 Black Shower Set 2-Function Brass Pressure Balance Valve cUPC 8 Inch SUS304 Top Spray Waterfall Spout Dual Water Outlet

▬▬▬▬▬▬

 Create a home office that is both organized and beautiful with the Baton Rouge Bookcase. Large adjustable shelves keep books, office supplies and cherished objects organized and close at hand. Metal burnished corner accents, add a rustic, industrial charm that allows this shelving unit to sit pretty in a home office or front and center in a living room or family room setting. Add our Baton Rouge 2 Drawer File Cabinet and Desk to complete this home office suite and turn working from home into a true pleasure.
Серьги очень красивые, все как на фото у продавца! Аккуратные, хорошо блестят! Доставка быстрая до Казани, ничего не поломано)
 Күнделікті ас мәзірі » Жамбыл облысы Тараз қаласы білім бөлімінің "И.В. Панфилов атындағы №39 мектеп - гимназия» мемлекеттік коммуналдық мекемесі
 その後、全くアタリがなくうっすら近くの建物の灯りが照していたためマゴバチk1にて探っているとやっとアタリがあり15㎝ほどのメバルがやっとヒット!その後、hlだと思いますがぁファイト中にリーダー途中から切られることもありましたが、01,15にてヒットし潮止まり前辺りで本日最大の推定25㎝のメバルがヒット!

▬▬▬▬▬▬

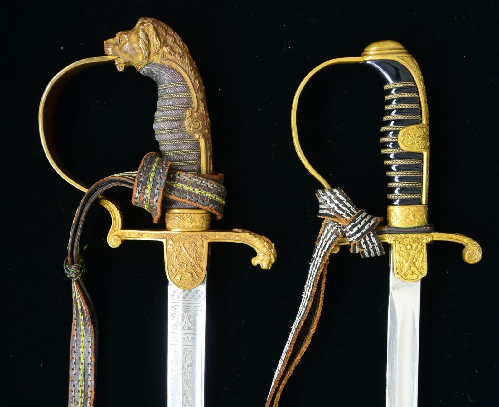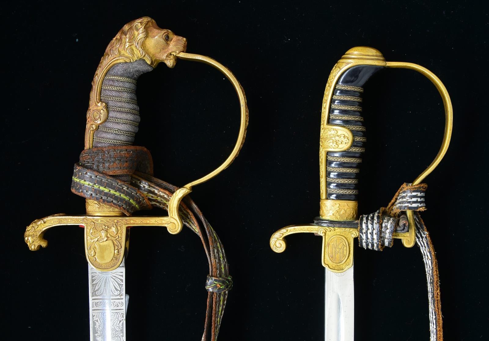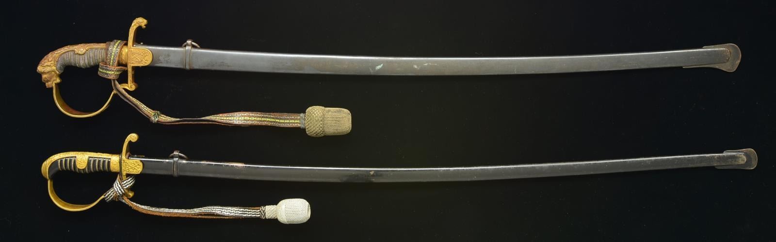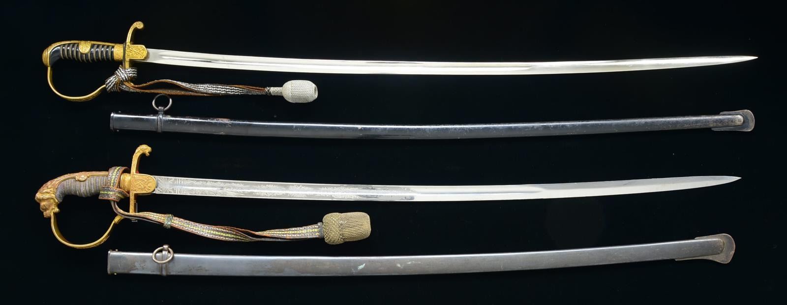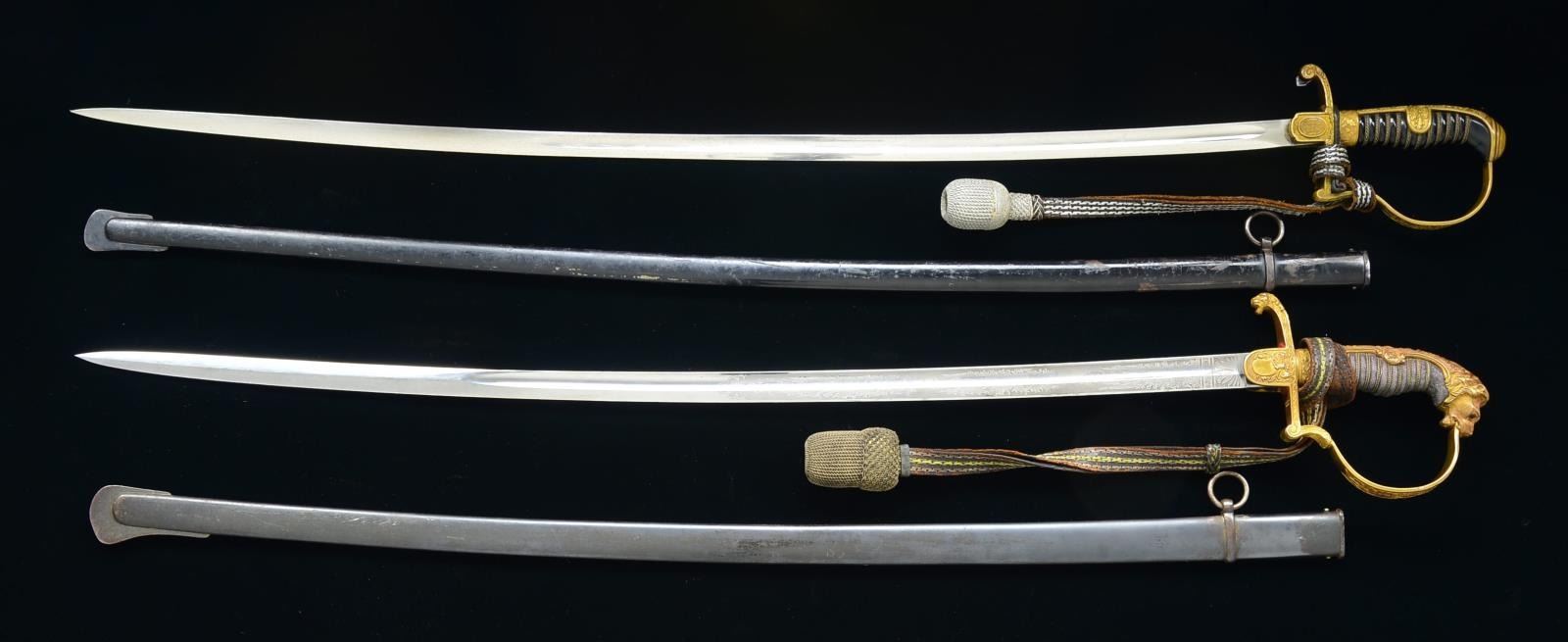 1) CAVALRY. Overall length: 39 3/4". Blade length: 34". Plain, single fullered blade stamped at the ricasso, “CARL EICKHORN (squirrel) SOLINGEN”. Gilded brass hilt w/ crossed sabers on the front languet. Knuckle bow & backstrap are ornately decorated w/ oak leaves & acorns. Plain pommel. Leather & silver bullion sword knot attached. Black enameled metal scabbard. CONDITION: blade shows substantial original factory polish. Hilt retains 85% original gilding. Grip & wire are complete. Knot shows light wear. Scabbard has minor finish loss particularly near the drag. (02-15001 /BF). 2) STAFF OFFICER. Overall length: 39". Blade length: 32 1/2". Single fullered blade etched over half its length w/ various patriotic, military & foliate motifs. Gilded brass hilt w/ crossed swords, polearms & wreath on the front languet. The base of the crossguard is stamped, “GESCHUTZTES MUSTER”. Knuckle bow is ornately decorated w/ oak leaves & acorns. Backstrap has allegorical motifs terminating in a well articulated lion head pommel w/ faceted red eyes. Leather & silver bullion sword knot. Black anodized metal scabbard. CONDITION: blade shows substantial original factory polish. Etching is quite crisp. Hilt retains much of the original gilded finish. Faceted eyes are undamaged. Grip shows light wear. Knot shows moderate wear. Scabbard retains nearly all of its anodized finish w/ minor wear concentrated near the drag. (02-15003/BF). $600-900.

▬▬▬▬▬▬

- [TASK BRIEF]: In the listing above, find the line with "Серьги очень красивые, все" and the line with "その後、全くアタリがなくうっ"; output exactly those lines and all lines between them.

- [TASK RESULT]:
Серьги очень красивые, все как на фото у продавца! Аккуратные, хорошо блестят! Доставка быстрая до Казани, ничего не поломано)
 Күнделікті ас мәзірі » Жамбыл облысы Тараз қаласы білім бөлімінің "И.В. Панфилов атындағы №39 мектеп - гимназия» мемлекеттік коммуналдық мекемесі
 その後、全くアタリがなくうっすら近くの建物の灯りが照していたためマゴバチk1にて探っているとやっとアタリがあり15㎝ほどのメバルがやっとヒット!その後、hlだと思いますがぁファイト中にリーダー途中から切られることもありましたが、01,15にてヒットし潮止まり前辺りで本日最大の推定25㎝のメバルがヒット!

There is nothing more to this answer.